● PROBLEM REQUIREMENTS
Copy, exactly and without additions, every line in the records below from the one holding "橡胶杠铃片参数:外圆直径10" through the one holding "中心昨公布接種率數據:截至昨", both ends included.

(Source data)
----------------

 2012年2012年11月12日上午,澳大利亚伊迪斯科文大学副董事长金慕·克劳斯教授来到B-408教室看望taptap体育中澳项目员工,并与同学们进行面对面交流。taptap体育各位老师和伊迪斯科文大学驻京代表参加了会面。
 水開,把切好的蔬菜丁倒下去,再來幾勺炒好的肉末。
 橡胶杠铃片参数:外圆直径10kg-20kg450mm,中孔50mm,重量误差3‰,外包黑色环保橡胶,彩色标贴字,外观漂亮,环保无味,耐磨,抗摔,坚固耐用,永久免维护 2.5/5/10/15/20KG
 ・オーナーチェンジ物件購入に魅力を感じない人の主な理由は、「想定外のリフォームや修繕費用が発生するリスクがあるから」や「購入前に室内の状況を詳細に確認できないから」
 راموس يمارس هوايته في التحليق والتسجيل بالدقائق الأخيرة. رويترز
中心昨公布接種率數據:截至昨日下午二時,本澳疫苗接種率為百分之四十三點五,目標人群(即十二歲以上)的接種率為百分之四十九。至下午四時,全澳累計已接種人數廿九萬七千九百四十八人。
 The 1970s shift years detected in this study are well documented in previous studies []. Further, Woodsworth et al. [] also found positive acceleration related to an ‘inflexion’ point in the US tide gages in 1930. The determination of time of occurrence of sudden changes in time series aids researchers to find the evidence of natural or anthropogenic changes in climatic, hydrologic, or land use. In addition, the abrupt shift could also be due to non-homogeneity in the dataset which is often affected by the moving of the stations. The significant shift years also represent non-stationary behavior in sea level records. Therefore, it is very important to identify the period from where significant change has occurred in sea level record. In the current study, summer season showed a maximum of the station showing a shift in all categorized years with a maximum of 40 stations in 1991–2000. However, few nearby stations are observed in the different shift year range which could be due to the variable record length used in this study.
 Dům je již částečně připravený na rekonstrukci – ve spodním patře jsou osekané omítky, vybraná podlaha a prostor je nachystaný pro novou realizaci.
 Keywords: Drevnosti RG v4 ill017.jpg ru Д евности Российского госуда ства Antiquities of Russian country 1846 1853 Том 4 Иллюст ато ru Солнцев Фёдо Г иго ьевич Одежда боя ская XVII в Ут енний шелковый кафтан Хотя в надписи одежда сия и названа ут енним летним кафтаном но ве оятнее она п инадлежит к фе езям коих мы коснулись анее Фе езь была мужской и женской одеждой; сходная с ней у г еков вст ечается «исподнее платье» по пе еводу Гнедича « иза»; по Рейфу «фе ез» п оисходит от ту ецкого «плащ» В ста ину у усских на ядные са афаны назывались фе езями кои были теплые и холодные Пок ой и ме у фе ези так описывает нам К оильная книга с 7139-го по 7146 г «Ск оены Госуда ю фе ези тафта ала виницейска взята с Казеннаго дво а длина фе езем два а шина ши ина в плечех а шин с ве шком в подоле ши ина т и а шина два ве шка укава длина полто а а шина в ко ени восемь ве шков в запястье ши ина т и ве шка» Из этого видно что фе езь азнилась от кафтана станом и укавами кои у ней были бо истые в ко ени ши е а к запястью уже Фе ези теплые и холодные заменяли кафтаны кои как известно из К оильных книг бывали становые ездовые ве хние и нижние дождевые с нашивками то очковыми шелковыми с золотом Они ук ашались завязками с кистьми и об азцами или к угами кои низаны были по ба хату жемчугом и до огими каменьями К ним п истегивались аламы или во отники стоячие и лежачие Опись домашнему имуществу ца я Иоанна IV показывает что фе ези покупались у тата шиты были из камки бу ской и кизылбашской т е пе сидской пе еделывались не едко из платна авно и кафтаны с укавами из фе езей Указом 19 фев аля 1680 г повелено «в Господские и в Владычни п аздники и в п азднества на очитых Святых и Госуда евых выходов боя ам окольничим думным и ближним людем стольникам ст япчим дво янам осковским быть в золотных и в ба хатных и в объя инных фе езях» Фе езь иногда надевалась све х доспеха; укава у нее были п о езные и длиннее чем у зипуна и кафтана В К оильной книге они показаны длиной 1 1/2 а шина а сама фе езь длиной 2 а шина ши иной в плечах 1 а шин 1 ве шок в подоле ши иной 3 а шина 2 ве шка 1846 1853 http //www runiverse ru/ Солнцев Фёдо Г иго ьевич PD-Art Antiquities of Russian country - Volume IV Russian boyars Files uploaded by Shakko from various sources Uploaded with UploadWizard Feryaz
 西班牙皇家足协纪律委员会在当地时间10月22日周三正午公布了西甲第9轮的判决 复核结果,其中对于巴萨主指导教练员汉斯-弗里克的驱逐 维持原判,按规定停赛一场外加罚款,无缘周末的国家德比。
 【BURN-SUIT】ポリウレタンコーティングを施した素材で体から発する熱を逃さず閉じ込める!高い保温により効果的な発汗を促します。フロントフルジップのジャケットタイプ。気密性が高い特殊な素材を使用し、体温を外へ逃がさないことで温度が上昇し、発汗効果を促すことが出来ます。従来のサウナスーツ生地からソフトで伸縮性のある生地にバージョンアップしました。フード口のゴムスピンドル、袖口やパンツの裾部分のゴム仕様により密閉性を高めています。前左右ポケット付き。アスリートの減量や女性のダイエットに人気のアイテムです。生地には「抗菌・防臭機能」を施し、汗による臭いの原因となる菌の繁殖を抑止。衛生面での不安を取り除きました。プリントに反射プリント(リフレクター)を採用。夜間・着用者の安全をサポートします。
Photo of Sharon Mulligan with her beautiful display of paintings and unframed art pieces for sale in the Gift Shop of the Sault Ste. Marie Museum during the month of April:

----------------

● TASK RESPONSE
 橡胶杠铃片参数:外圆直径10kg-20kg450mm,中孔50mm,重量误差3‰,外包黑色环保橡胶,彩色标贴字,外观漂亮,环保无味,耐磨,抗摔,坚固耐用,永久免维护 2.5/5/10/15/20KG
 ・オーナーチェンジ物件購入に魅力を感じない人の主な理由は、「想定外のリフォームや修繕費用が発生するリスクがあるから」や「購入前に室内の状況を詳細に確認できないから」
 راموس يمارس هوايته في التحليق والتسجيل بالدقائق الأخيرة. رويترز
中心昨公布接種率數據:截至昨日下午二時,本澳疫苗接種率為百分之四十三點五,目標人群(即十二歲以上)的接種率為百分之四十九。至下午四時,全澳累計已接種人數廿九萬七千九百四十八人。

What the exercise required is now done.